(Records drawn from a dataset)
◆ ◆ ◆ ◆ ◆ ◆ ◆

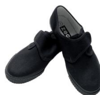
Black school shoes or plimsolls

Our school has a duty to make sure that the uniform we require is affordable, in line with statutory guidance from the Department for Education (DfE) on the cost of school uniform. In order to support all, parents may choose where they would like to buy their uniform items from. The only item of uniform which requires the school logo is the navy school sweatshirt. If you would like to purchase other items of branded uniform, please visit our school uniform supplier, 'Uniform4kids'.
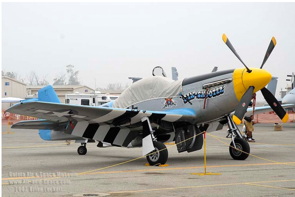
North American P51 Canopy Cover

This cover type is made from Silver Acrylic Sunbrella canvas and is 100% lined with a soft and smooth microfiber. Bruce's Custom Covers developed this material combination especially for aircraft protection. The outer material is medium weight and treated for water resistance, UV resistance and anti-static buildup. The inner lining is a very soft and smooth microfiber to prevent scratching. The material is very reflective, and tests show that the cabin interior temperature can be reduced to near-ambient temperature on the hottest of days. It is water, ice and snow repellent, yet breathable to allow moisture to escape from between the cover and the aircraft surface.
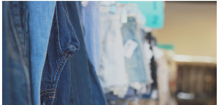
A display of women's denim jeans and shorts at Plato's Closet. Thrift stores offer an array of choices for shoppers.

revamp old clothes and make them something fun and new. If you're looking to just buy it, wear it, and not have to turn it into something else, I would try a store a little more up to par. I left the store and moved on to the next one, one that is put together a lot differently than Goodwill.
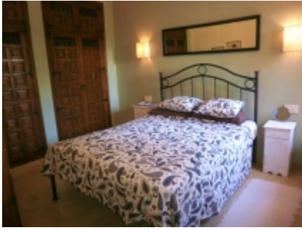
Guest bedroom 3

◆ ◆ ◆ ◆ ◆ ◆ ◆

• [WORK INSTRUCTION]: Wherever the word "with" occurs in the data, copy that whole line.

• [YOUR RESPONSE]:
Our school has a duty to make sure that the uniform we require is affordable, in line with statutory guidance from the Department for Education (DfE) on the cost of school uniform. In order to support all, parents may choose where they would like to buy their uniform items from. The only item of uniform which requires the school logo is the navy school sweatshirt. If you would like to purchase other items of branded uniform, please visit our school uniform supplier, 'Uniform4kids'.
This cover type is made from Silver Acrylic Sunbrella canvas and is 100% lined with a soft and smooth microfiber. Bruce's Custom Covers developed this material combination especially for aircraft protection. The outer material is medium weight and treated for water resistance, UV resistance and anti-static buildup. The inner lining is a very soft and smooth microfiber to prevent scratching. The material is very reflective, and tests show that the cabin interior temperature can be reduced to near-ambient temperature on the hottest of days. It is water, ice and snow repellent, yet breathable to allow moisture to escape from between the cover and the aircraft surface.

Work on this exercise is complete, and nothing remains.